Getting the policy mix right – in Germany and the UK
It’s easy, when looking at the strongest economy in Europe, with low unemployment, a strong commitment to environmentalism, a vast array of world beating companies and a tradition of social solidarity, to imagine it to be some sort of economic perfection. But, of course, Germany faces its challenges like every other country. The constant need for economic renewal that goes with globalisation affects the Germans as it does everybody else.
For this reason, the OECD Economic Survey of Germany is an important document. The OECD is correct point out that Germany faces a cyclical return to slower growth. Moreover, Germany’s export-led model faces obvious problems if many of the countries to whom it exports face deficit reduction programmes and consequently falling demand. But I think there are serious flaws among the OECD’s prescriptions for Germany. The wrong policy mix won’t help Germany meet its challenges: it will only make matters worse.
The OECD is right to say that Germany must transform its growth model to thrive as a knowledge-based economy. Increasing the labour participation of women and older workers is also a point well made (as is improving the supply of childcare), although this is not the main issue affecting domestic demand. To boost demand at home, Germany must stop suppressing its wages. A minimum wage for those at the bottom end is necessary. Regarding those earning above the minimum wage, the jury is out on whether German unions deliberately moderate wage demands in return for job security or whether wage suppression is a demonstration that unions are not as strong as many think.
In tandem with boosting wages at home is a more general acceptance that, as a player in the global economy, Germany must import as well as export. That requires an acceptance in Berlin that world economic imbalances between surplus countries – including China and Germany – and deficit countries – including the US and much of Europe – are not sustainable in the longer term.
But my main concern with the OECD report comes in the quote from its Secretary General, Angel Gurria. Mr Gurria says: “Many other countries are looking at the German mix of labour market reforms, social partners’ constructive flexiblity and sound fiscal policy”. It is not labour market reforms, that old chestnut, that has made Germany Europe’s strongest economy in the last sixty years. The main reasons for that strength are Germany’s record of skills investment, its powerful mittelstand of medium sized companies, and its Social Market Model, that does involve constructive flexibility, but that also gives works council representatives, usually trade unionists, a powerful place in determining company decisions, supporting corporate growth while also defending their members. Germany has also had successive governments, Social Democrat and Christian Democrat, who have been prepared to make strategic interventions in support of key industrial sectors, rather than adopting an attitude that says the market rules and the devil take the hindmost.
These issues are explored in the TUC policy paper, ‘German Lessons’. I hope Vince Cable has read his copy.
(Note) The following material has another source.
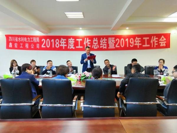 2019年4月11日,鑫宏工程公司在都江堰水利大廈會議室召開了2018年度年終總結(jié)暨2019年工作會。會議由公司辦公室主任何莉容主持。
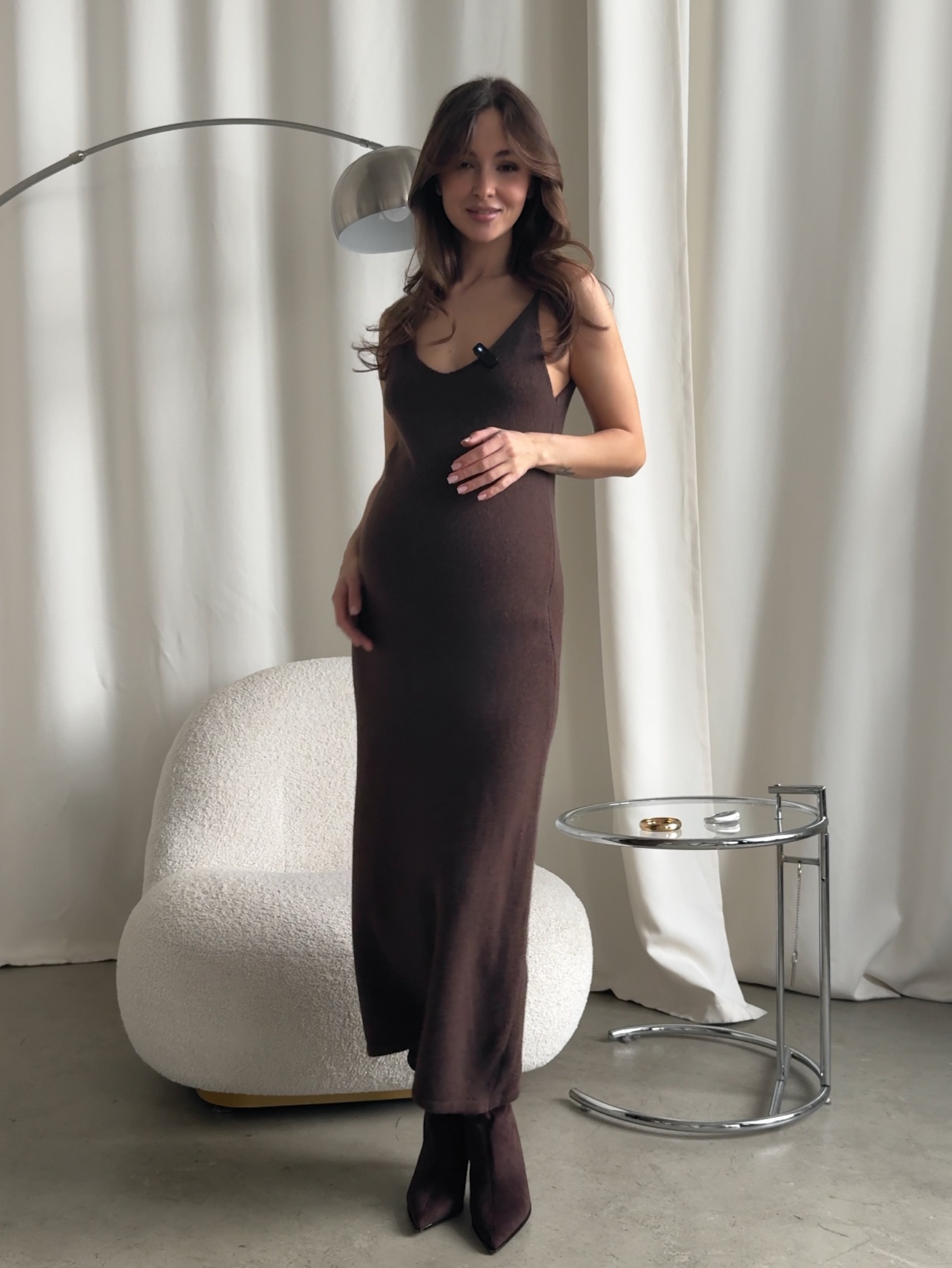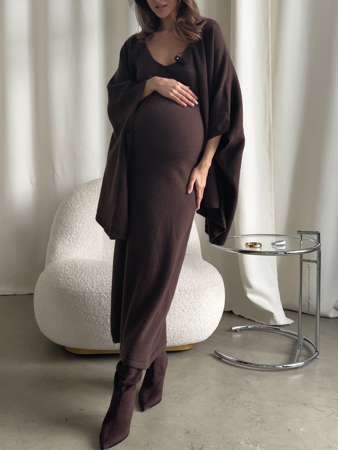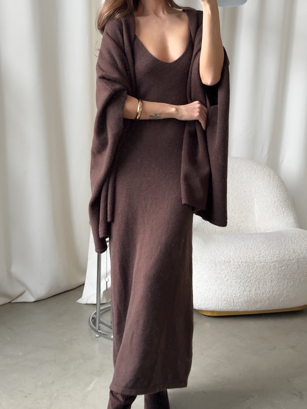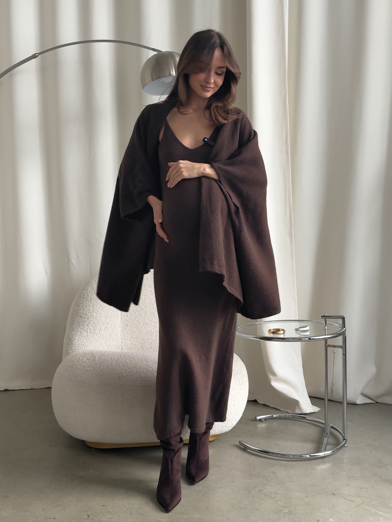 Комплект вязаный, длинное платье на лямках и короткий кардиган

I don’t agree with some of what he says, but I was very impressed with his call for a long-term plan for industry, as reported in the FT earlier this week. Winning this argument with the Treasury is another matter, of course, but Vince hit many of the right notes in his letter to the Prime Minister and the DPM. As in Germany, we need to get the policy mix right, but Vince seems to acknowledge the scale of the problem and that’s a good place to start.